:: Task data
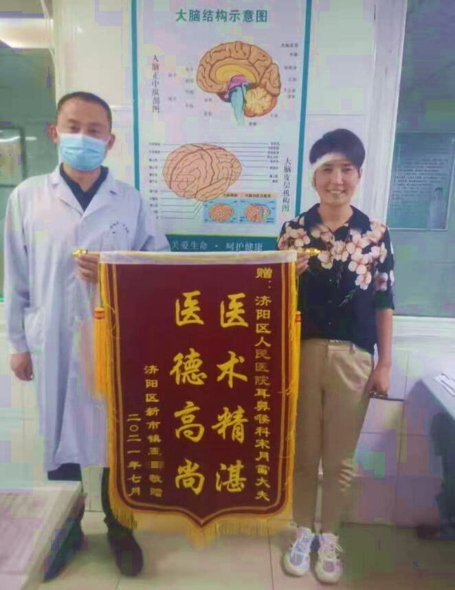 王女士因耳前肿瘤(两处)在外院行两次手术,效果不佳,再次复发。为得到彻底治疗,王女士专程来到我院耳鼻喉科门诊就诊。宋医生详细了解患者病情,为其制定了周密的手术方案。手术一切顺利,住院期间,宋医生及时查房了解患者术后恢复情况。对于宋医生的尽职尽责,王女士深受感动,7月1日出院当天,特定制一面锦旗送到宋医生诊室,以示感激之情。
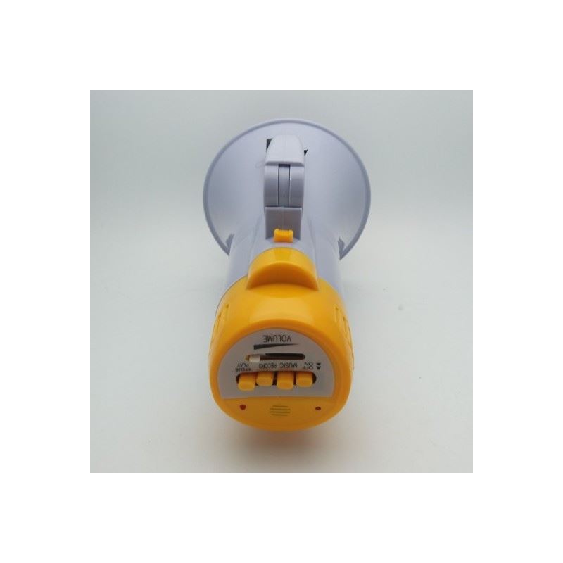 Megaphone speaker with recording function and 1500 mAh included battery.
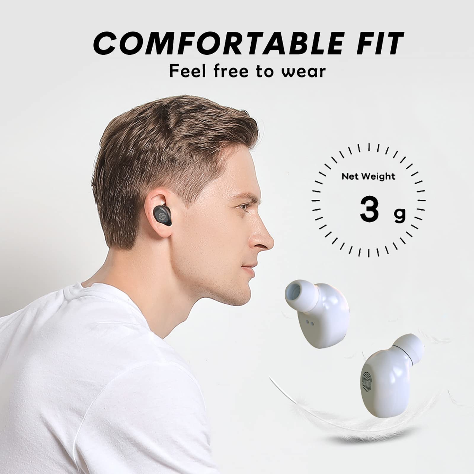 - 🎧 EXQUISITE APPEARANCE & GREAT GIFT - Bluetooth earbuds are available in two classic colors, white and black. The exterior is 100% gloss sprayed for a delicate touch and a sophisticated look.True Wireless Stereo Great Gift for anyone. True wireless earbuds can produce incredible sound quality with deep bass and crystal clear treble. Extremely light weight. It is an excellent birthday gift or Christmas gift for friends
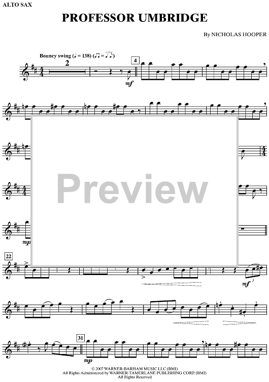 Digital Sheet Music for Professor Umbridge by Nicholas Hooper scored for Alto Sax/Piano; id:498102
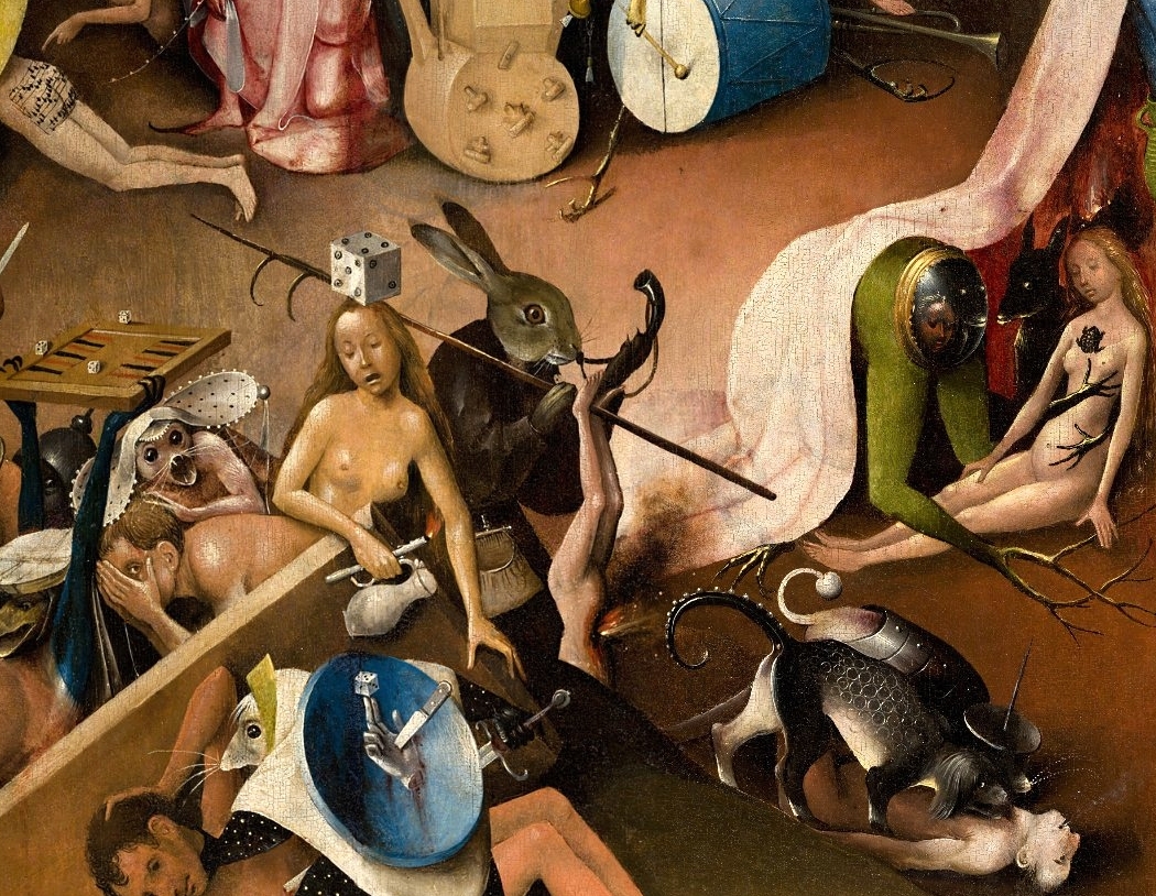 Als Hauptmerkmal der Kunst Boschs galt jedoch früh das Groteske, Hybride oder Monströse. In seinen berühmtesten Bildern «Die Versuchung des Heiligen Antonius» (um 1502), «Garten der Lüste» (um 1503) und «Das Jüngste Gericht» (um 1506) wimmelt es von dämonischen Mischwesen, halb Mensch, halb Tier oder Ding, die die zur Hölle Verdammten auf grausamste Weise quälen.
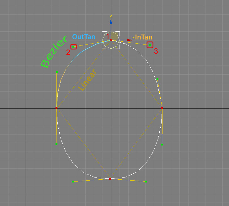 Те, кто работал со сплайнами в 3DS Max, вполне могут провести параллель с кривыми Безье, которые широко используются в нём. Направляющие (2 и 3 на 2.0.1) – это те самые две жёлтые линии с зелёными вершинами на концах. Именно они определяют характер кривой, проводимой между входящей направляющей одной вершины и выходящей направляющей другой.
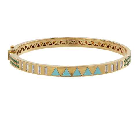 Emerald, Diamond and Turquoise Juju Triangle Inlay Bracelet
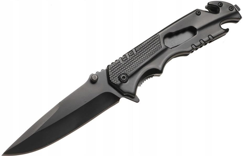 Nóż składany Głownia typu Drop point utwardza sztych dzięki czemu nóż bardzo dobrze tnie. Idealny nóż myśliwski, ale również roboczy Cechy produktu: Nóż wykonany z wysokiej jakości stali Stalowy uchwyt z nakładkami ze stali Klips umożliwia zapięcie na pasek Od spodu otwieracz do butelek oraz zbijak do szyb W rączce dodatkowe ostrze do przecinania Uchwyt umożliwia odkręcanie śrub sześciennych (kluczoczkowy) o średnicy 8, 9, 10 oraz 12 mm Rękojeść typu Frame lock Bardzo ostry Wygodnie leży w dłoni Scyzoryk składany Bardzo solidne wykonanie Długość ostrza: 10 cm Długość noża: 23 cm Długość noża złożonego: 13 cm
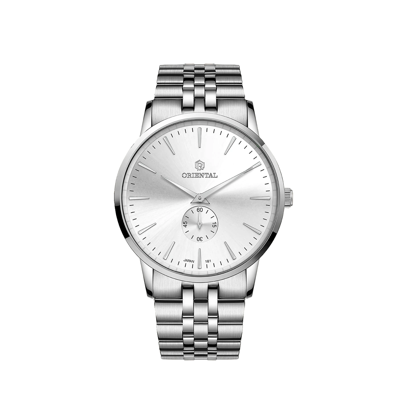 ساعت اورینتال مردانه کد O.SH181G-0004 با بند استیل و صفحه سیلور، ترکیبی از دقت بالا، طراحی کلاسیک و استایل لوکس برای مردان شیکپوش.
::::
Task item → Your copy should hold exactly the lines from the line bearing "- 🎧 EXQUISITE" through the end of the data, both included, and no pictures or anything further.

Exercise response →
 - 🎧 EXQUISITE APPEARANCE & GREAT GIFT - Bluetooth earbuds are available in two classic colors, white and black. The exterior is 100% gloss sprayed for a delicate touch and a sophisticated look.True Wireless Stereo Great Gift for anyone. True wireless earbuds can produce incredible sound quality with deep bass and crystal clear treble. Extremely light weight. It is an excellent birthday gift or Christmas gift for friends
 Digital Sheet Music for Professor Umbridge by Nicholas Hooper scored for Alto Sax/Piano; id:498102
 Als Hauptmerkmal der Kunst Boschs galt jedoch früh das Groteske, Hybride oder Monströse. In seinen berühmtesten Bildern «Die Versuchung des Heiligen Antonius» (um 1502), «Garten der Lüste» (um 1503) und «Das Jüngste Gericht» (um 1506) wimmelt es von dämonischen Mischwesen, halb Mensch, halb Tier oder Ding, die die zur Hölle Verdammten auf grausamste Weise quälen.
 Те, кто работал со сплайнами в 3DS Max, вполне могут провести параллель с кривыми Безье, которые широко используются в нём. Направляющие (2 и 3 на 2.0.1) – это те самые две жёлтые линии с зелёными вершинами на концах. Именно они определяют характер кривой, проводимой между входящей направляющей одной вершины и выходящей направляющей другой.
 Emerald, Diamond and Turquoise Juju Triangle Inlay Bracelet
 Nóż składany Głownia typu Drop point utwardza sztych dzięki czemu nóż bardzo dobrze tnie. Idealny nóż myśliwski, ale również roboczy Cechy produktu: Nóż wykonany z wysokiej jakości stali Stalowy uchwyt z nakładkami ze stali Klips umożliwia zapięcie na pasek Od spodu otwieracz do butelek oraz zbijak do szyb W rączce dodatkowe ostrze do przecinania Uchwyt umożliwia odkręcanie śrub sześciennych (kluczoczkowy) o średnicy 8, 9, 10 oraz 12 mm Rękojeść typu Frame lock Bardzo ostry Wygodnie leży w dłoni Scyzoryk składany Bardzo solidne wykonanie Długość ostrza: 10 cm Długość noża: 23 cm Długość noża złożonego: 13 cm
 ساعت اورینتال مردانه کد O.SH181G-0004 با بند استیل و صفحه سیلور، ترکیبی از دقت بالا، طراحی کلاسیک و استایل لوکس برای مردان شیکپوش.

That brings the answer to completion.